> [Your goal]
Keeping pictures out, repeat the lines of the listing below exactly, starting at its first line and finishing with the one that holds "MM 008160:001; Gavelfasad".

-- Information provided follows --

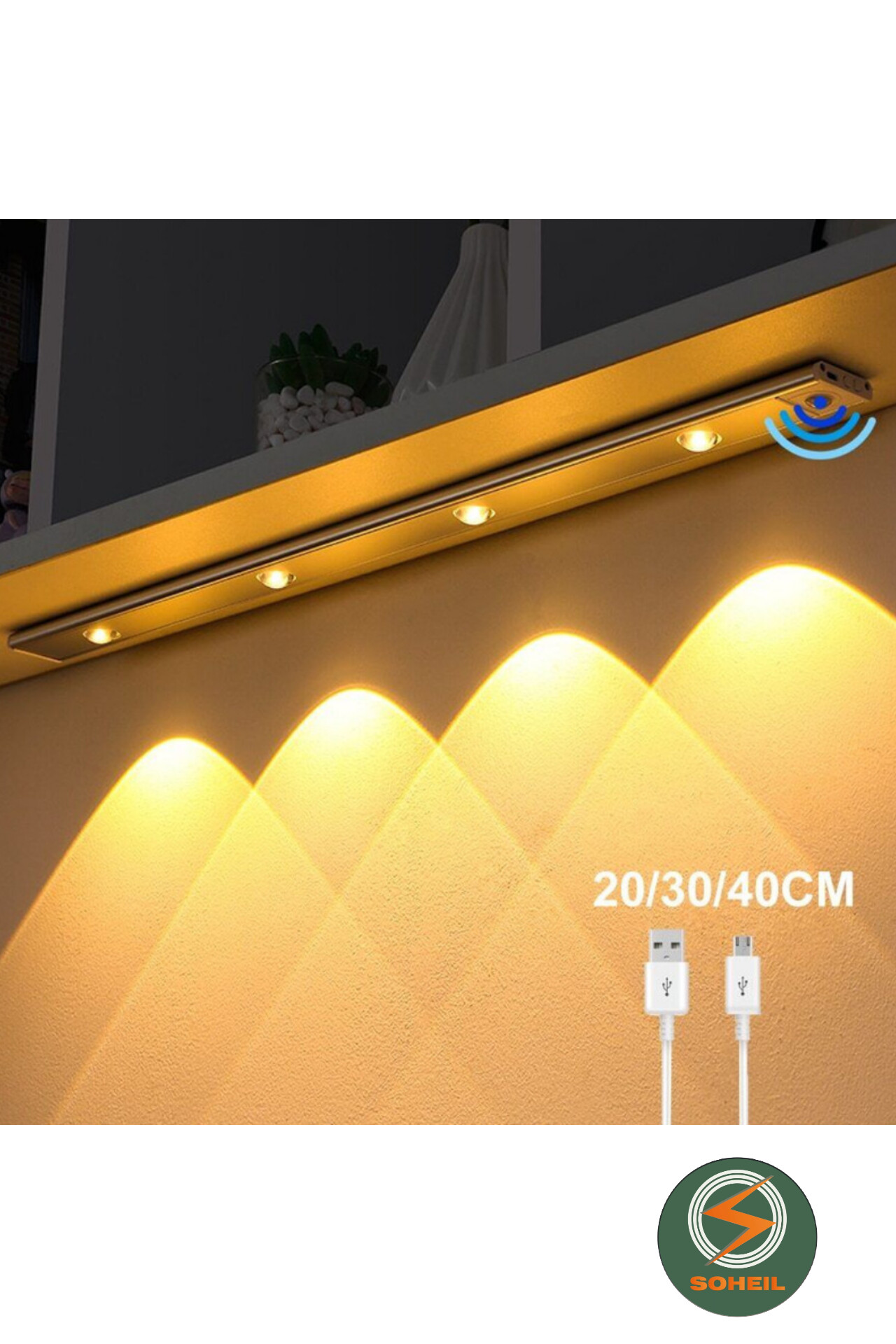 ناموجودچراغ زیر کابینتی شارژی با سنسور هوشمند و سه حالت نوردهی
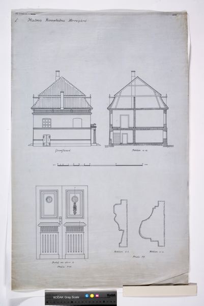 MM 008160:001; Gavelfasad och gavelsektion, Detalj av dörr b och två sektion av dörren.
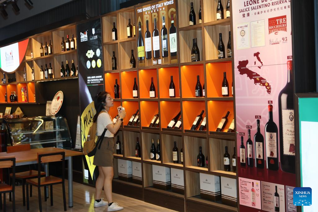 A visitor views wines displayed at the Hongqiao Import Commodities Expo and Trade Center in Shanghai, east China, Sept. 9, 2025. (Xinhua/Wang Xiang)

-- Information provided concluded --

> [Output for this exercise]
 ناموجودچراغ زیر کابینتی شارژی با سنسور هوشمند و سه حالت نوردهی
 MM 008160:001; Gavelfasad och gavelsektion, Detalj av dörr b och två sektion av dörren.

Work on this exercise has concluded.